### Task material
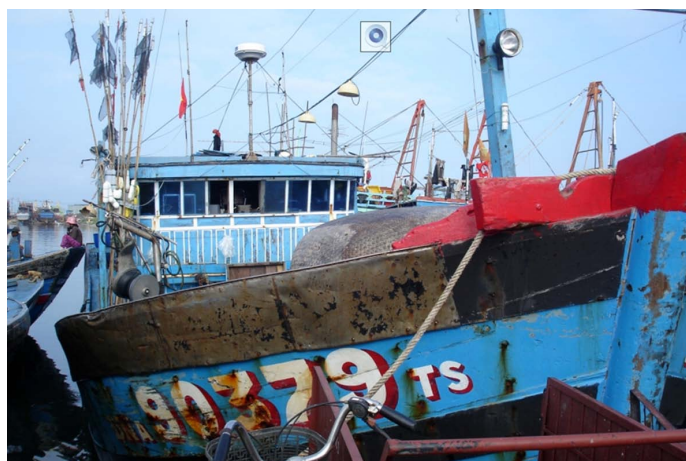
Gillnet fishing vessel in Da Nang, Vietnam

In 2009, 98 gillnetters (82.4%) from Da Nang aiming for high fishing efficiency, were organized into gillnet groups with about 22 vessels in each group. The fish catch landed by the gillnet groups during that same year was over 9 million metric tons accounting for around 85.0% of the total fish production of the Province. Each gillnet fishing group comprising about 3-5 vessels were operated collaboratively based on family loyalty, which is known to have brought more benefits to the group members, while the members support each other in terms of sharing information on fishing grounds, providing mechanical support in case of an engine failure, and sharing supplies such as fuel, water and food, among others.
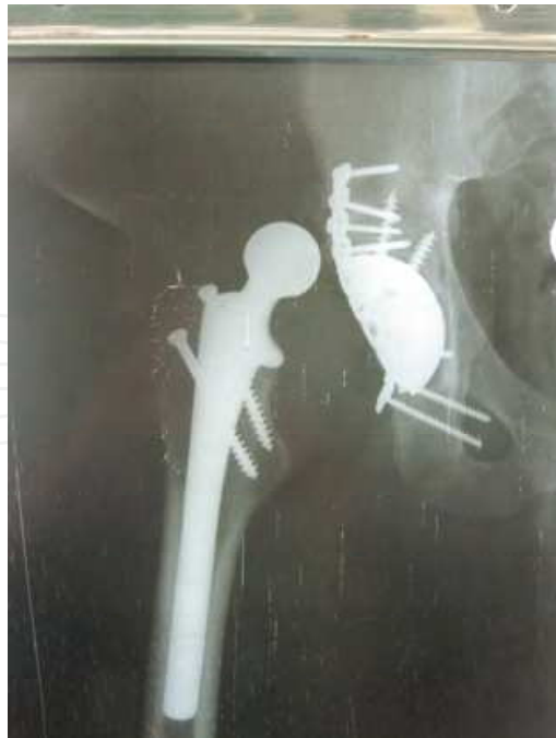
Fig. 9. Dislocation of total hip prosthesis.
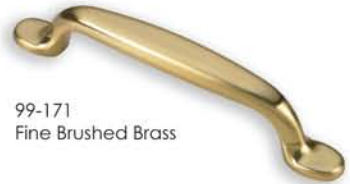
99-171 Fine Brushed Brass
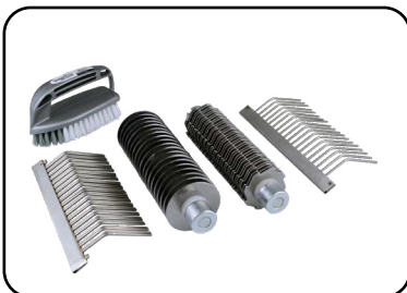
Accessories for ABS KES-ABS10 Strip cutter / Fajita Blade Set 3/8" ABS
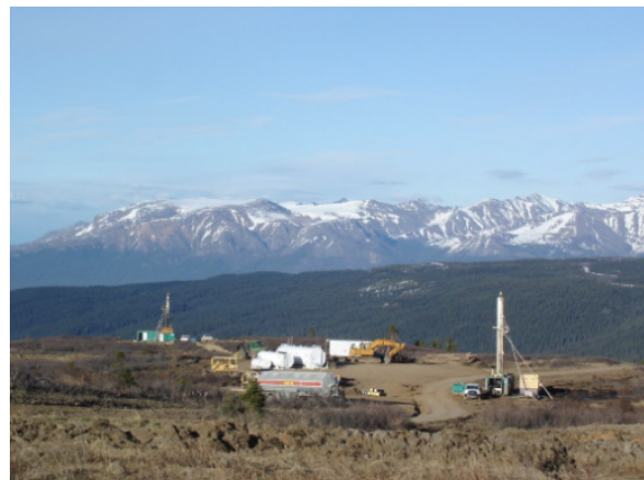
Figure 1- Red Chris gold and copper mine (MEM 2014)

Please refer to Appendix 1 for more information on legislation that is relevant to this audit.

* * *

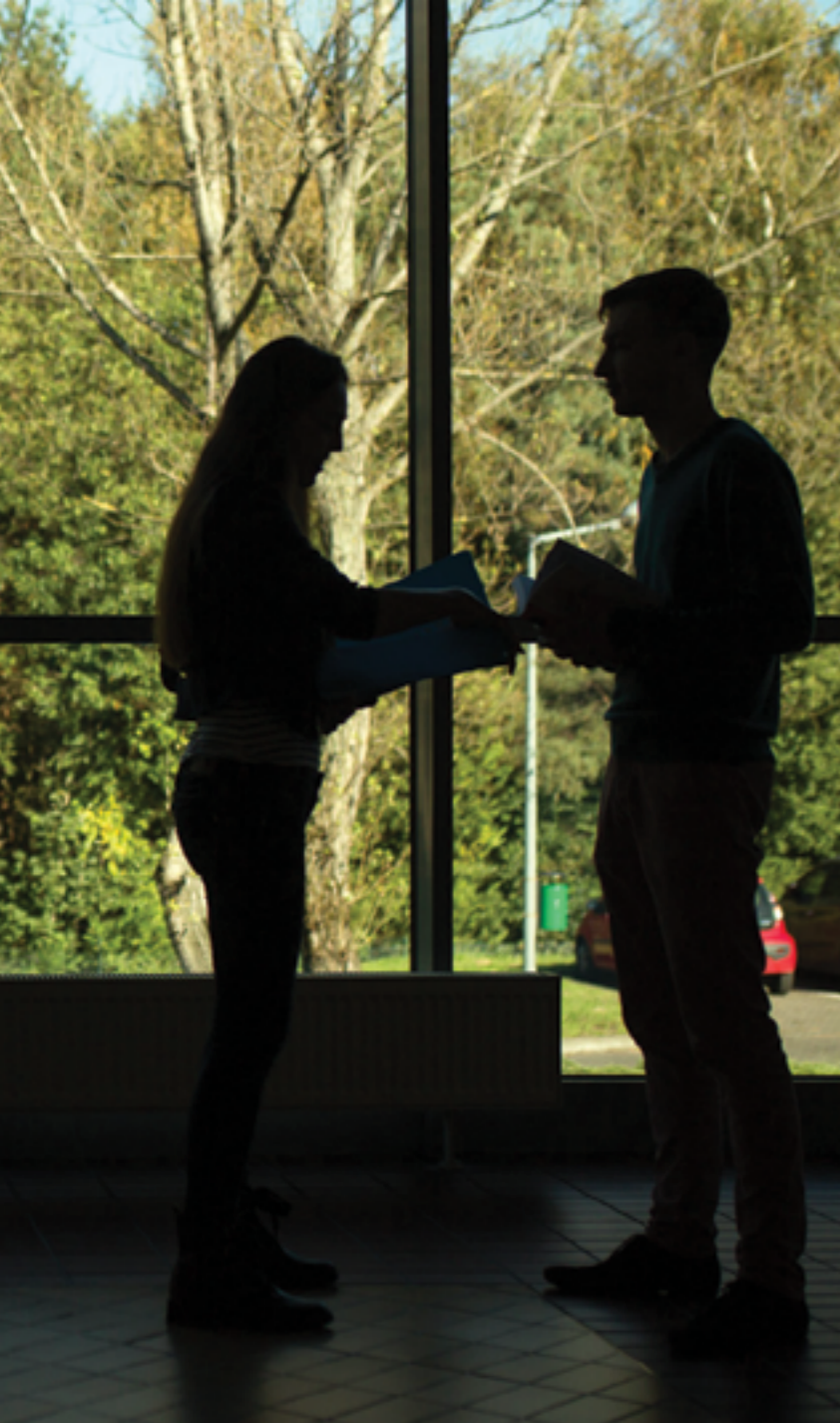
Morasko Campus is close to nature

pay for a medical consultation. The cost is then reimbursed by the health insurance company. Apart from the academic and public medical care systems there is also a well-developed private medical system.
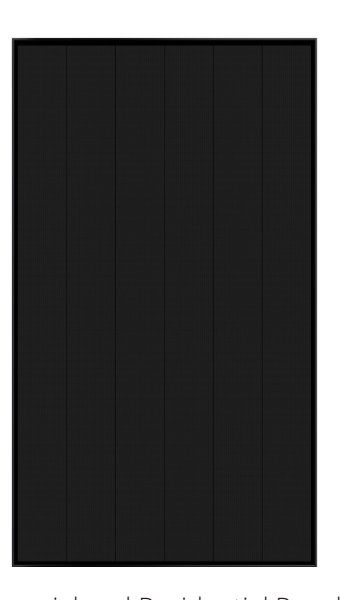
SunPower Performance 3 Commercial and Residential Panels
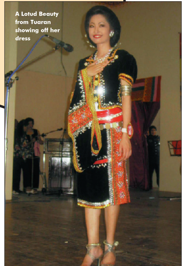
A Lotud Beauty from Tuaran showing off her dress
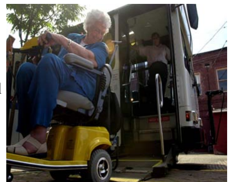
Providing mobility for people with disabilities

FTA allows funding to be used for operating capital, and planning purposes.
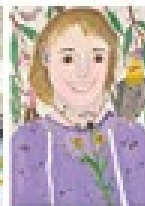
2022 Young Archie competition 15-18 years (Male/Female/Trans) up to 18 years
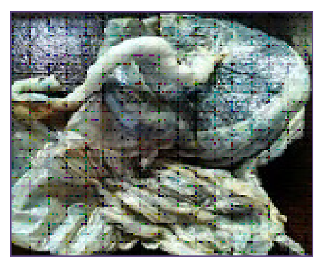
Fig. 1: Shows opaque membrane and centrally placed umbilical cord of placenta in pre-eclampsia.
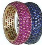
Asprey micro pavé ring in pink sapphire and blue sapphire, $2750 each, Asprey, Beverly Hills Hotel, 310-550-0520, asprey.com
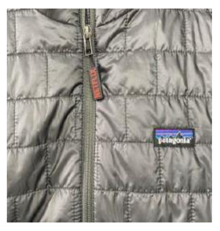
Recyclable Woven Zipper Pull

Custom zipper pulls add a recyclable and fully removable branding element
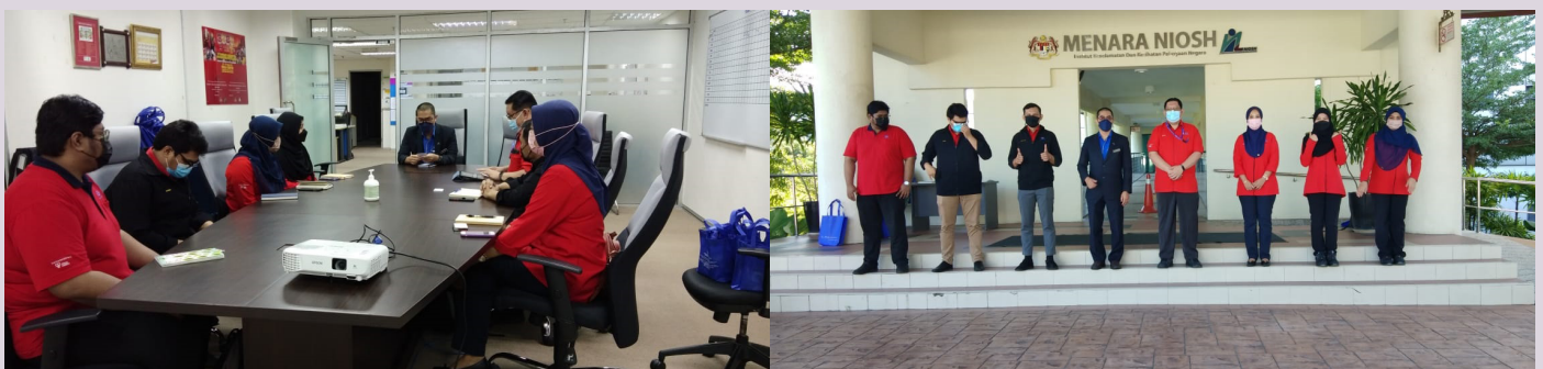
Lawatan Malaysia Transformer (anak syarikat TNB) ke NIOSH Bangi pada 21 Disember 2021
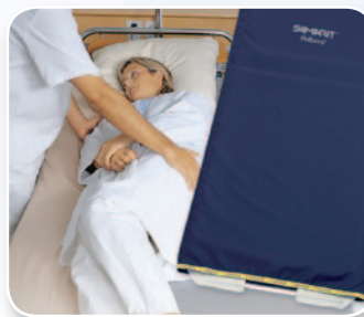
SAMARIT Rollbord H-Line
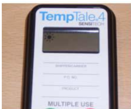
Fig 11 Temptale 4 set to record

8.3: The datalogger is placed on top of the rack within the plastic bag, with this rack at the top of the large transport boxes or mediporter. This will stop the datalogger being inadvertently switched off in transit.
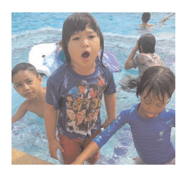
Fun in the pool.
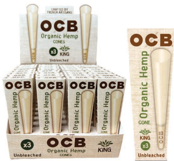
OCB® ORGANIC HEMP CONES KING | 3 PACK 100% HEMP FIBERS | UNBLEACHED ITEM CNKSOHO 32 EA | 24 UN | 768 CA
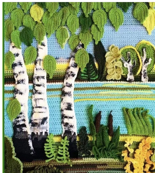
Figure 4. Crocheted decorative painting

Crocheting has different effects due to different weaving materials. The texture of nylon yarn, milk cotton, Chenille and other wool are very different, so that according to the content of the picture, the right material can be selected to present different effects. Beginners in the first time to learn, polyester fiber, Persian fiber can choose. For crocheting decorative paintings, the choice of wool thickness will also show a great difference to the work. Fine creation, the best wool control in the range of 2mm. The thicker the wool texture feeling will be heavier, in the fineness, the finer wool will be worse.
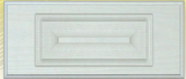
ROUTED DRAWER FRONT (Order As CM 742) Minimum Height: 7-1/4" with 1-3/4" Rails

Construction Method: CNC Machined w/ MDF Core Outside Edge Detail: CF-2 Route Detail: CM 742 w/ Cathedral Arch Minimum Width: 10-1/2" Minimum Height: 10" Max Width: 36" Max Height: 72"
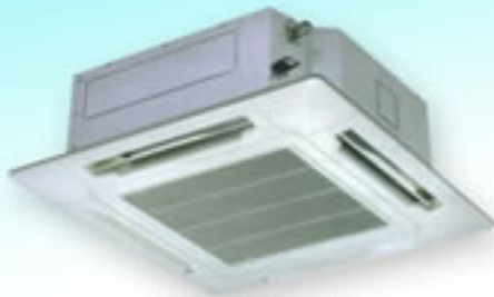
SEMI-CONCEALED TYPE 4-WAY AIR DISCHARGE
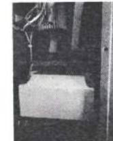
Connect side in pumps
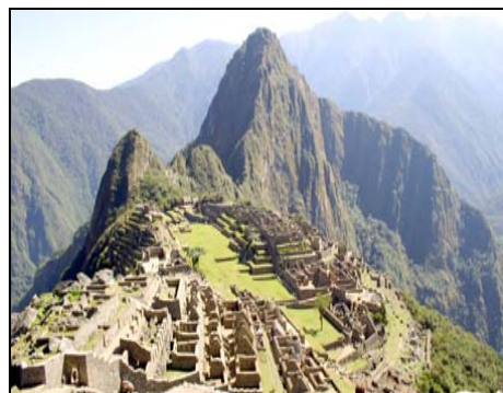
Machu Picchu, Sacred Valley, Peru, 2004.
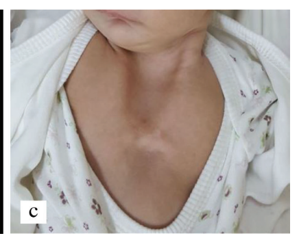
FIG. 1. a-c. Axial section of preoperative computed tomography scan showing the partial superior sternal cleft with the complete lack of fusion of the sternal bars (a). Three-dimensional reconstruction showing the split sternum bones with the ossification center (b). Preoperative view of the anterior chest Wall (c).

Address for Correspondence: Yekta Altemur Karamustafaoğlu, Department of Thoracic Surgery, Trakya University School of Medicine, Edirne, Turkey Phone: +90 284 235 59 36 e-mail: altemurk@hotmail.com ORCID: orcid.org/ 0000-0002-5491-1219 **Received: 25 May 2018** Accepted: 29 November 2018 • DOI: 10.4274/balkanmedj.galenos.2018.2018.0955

### Directions for this task
In the entries above, find the line with "OCB® ORGANIC HEMP" and the line with "Figure 4. Crocheted decorative painting". Return exactly those lines and all the ones between them, pictures excluded.

### Output for this exercise
OCB® ORGANIC HEMP CONES KING | 3 PACK 100% HEMP FIBERS | UNBLEACHED ITEM CNKSOHO 32 EA | 24 UN | 768 CA
Figure 4. Crocheted decorative painting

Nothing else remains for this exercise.